Important**: Always call zero_grad() before computing new gradients if you don't want accumulation.

How gradients flow

Understanding gradient flow helps debug neural networks:

lmp::Variable x(data, true);
lmp::Variable a = x * 2;      // da/dx = 2
lmp::Variable b = lmp::exp(a); // db/da = exp(a)
lmp::Variable c = lmp::sum(b); // dc/db = 1
 
c.backward();
// dc/dx = dc/db * db/da * da/dx = 1 * exp(2x) * 2 = 2 * exp(2x)

Training loop structure

// Neural network parameters
lmp::Variable weights(weight_data, true);
lmp::Variable bias(bias_data, true);
 
for (int epoch = 0; epoch < num_epochs; ++epoch) {
    for (auto& batch : data_loader) {
        // Clear gradients from previous iteration
        weights.zero_grad();
        bias.zero_grad();
        
        // Forward pass
        lmp::Variable output = lmp::matmul(batch.input, weights) + bias;
        lmp::Variable loss = compute_loss(output, batch.target);
        
        // Backward pass
        loss.backward();
        
        // Update parameters
        float learning_rate = 0.01f;
        weights = lmp::Variable(weights.data() - learning_rate * weights.grad(), true);
        bias = lmp::Variable(bias.data() - learning_rate * bias.grad(), true);
    }
}

Understanding the computation graph

When you call backward(), Lamp++ performs a topological sort to ensure gradients are computed in the right order:

lmp::Variable x(data, true);
lmp::Variable y = x * x;
lmp::Variable loss = lmp::sum(y);
 
// backward() visits nodes in reverse topological order
loss.backward();

Working with gradients

Checking and manipulating gradients

lmp::Variable var(data, true);
 
// Check gradient status
std::cout << "Requires grad: " << var.requires_grad() << std::endl;
std::cout << "Has grad_fn: " << (var.grad_fn() != nullptr) << std::endl;
 
// Manual gradient manipulation
lmp::Tensor custom_grad(grad_data, var.data().shape(), var.data().device());
var.incr_grad(custom_grad);  // Add to existing gradients
var.zero_grad();             // Clear gradients

Debugging gradients

// Check gradient magnitude
std::cout << "Gradient magnitude: " << lmp::sum(param.grad() * param.grad()) << std::endl;
 
// Check for NaN gradients
auto grad_vector = param.grad().to_vector<float>();
bool has_nan = std::any_of(grad_vector.begin(), grad_vector.end(), 
                          [](float x) { return std::isnan(x); });

Performance considerations

Memory usage

Each operation stores references to its inputs for the backward pass
Computation graphs can use significant memory for long sequences
Clear gradients with zero_grad() when you don't need them

When to use tensors vs. variables

Use Tensors for:**

Data loading and preprocessing
Operations where you don't need gradients
Performance-critical code paths

Use Variables for:**
Model parameters
Any computation where you need gradients
Forward and backward passes in training

Complete example

For a complete neural network implementation using all these concepts, see the MNIST example in examples/mnist.cpp.

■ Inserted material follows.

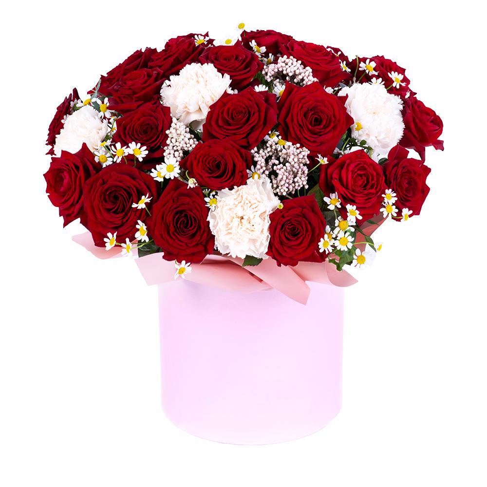 Шляпная коробка из роз и гвоздик

It demonstrates:

Parameter initialization with autograd::rand()
Forward pass with matmul(), activation functions, and loss computation
Backward pass and gradient-based parameter updates
Proper gradient clearing in training loops

The key insight is that autograd turns the tedious job of computing derivatives into an automatic process, letting you focus on the interesting parts of machine learning: designing architectures and solving problems.